Расхожие отсылки всплывают при разговоре об этих стихах, думается, закономерно. Беседа, перепрыгивающая с клише на присловье, с реченья на трюизм, задана читателю самим поэтом. Дорожный цитатник широким слоем дневного остатка лег в ее сны. Готовые концы, готовые начала, безотказно поставляемые поэтам дремлющим умом из осеннего пушкинского эпиграфа. Запретные сны на закате века неистребимо и желанно цитатны, листы сонника переплетены вперемежку с указателями крылатых слов, как, впрочем, и с атласом шоссейных дорог и с, правда, небывалым еще индексом запрещенных каламбуров. Если верно, что поэт пишет на языке своего поколения, то это – язык современников Горбаневской, оглянувшихся с неуместной – на здоровый обывательский взгляд – пристальностью вслед привязавшейся к ним интертекстуальности. Текст оглядывает себя, всматривается в свое фрагментарное отражение в промокательной бумаге, вылавливая там только зеркала цитат, несовершенный конспект ускользающего разговора, расплывшиеся, но узнаваемые по прописным буквам топонимы. Викторинная очевидность чужого слова, конечно, делает неуместной спонтанно-вежливую читательскую отзывчивость, ибо разгадывание вслух заведомо элементарной энигмы решительно невозможно при самых мягкосердечных послаблениях литературного этикета, а будущие комментаторы этих стихов заранее обречены на прутковщину.

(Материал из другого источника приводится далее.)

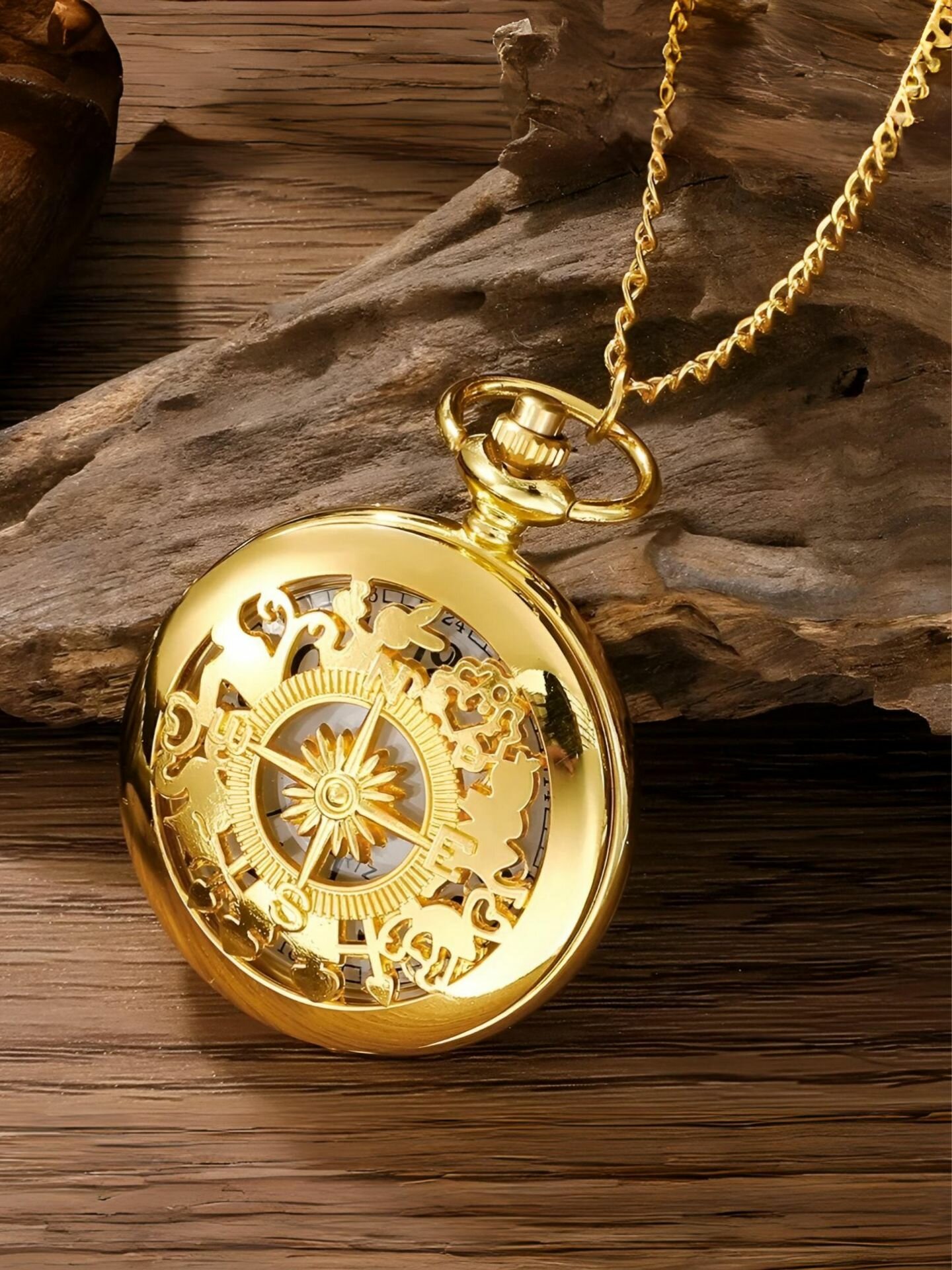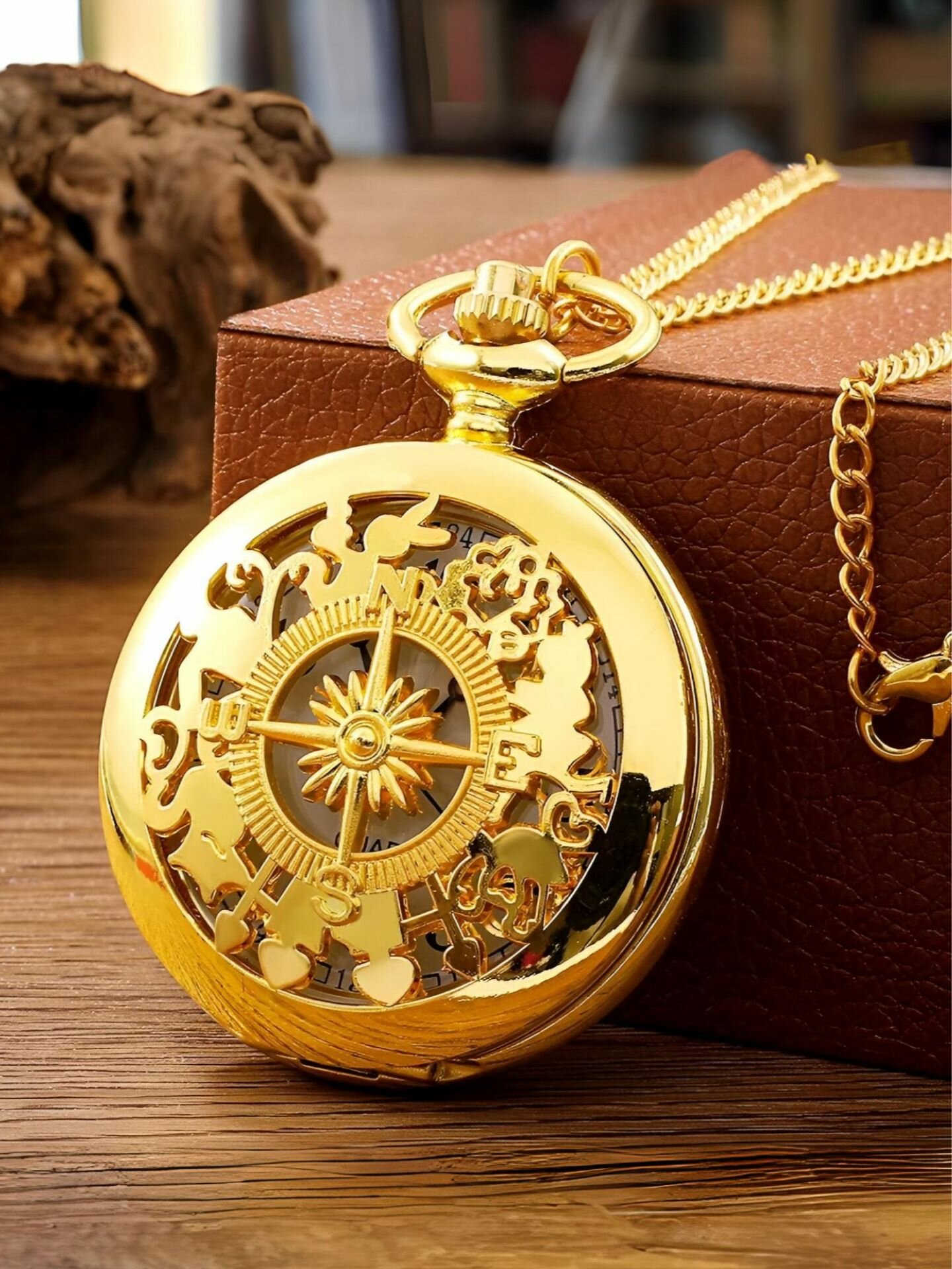 Карманные часы на цепочке Золотой компас / 4,5х4,5 см. Цепочка 80 см./ Цвет: золото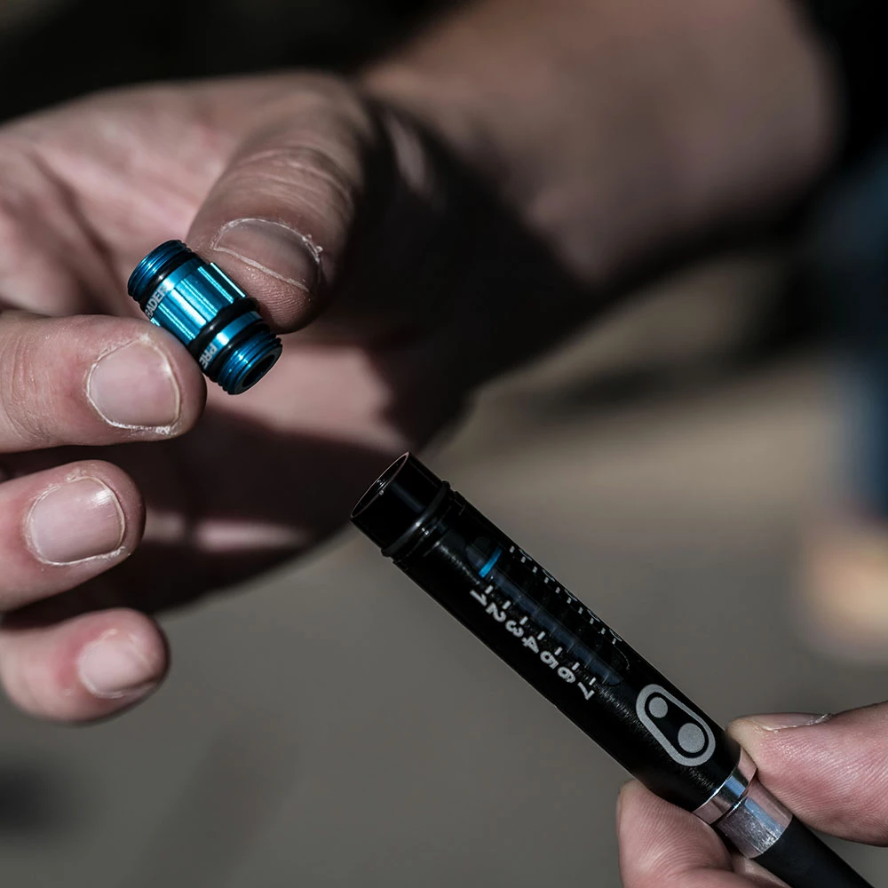 Si la pompe est nécessaire, le tuyau peut être facilement fixé à la pièce à main grâce à un verrou magnétique. La valve est compatible avec Presta et Schrader et est recommandée pour les pneus à partir de 1,8″ de largeur.

В разговоре текста с самим собой сквозь саднящий понедельничный привкус просвечивает веселое упрямство. Вопреки учебникам поэтовых биографий эта поэтическая система неуступчиво статична. Исчисляя всё новые инфинитивы, пробуя на вкус разные фонетические взвеси, с легкостью подчиняясь норову неопробованных размеров и хозяйски скрещивая их, система эта (не станем извиняться за безвинный объективистский синоним для одержимых музами) на свой манер противоборствует потоку времени, рассчитывая пока только на верность своих болельщиков. Да, может быть, еще на то, что друзья в поколенье, разбредшиеся по уголкам сада словесности за новыми и острыми впечатлениями, нагулявшись, вернутся к голосу, звучание которого входило в шум их времени…
Изгнание – почти универсальная судьба русского поэта. Вернее было бы сказать – гонения всякого рода, от мелкой травли до физического истребления. Российское государство начинает гордиться своими гениями после смерти, порой предварительно убив. Велик мартиролог русских писателей двадцатого века. Велик и список изгнанников, начиная от «философского парохода» 1922–1923 годов. По этому поводу Троцкий когда-то написал, что «расстрелять их не было повода, а терпеть было невозможно». Но Николай Гумилев к тому времени был уже расстрелян, а Мандельштаму еще предстояла мученическая кончина на Магадане. Да и сам Троцкий получил свою порцию государственного внимания с помощью ледоруба.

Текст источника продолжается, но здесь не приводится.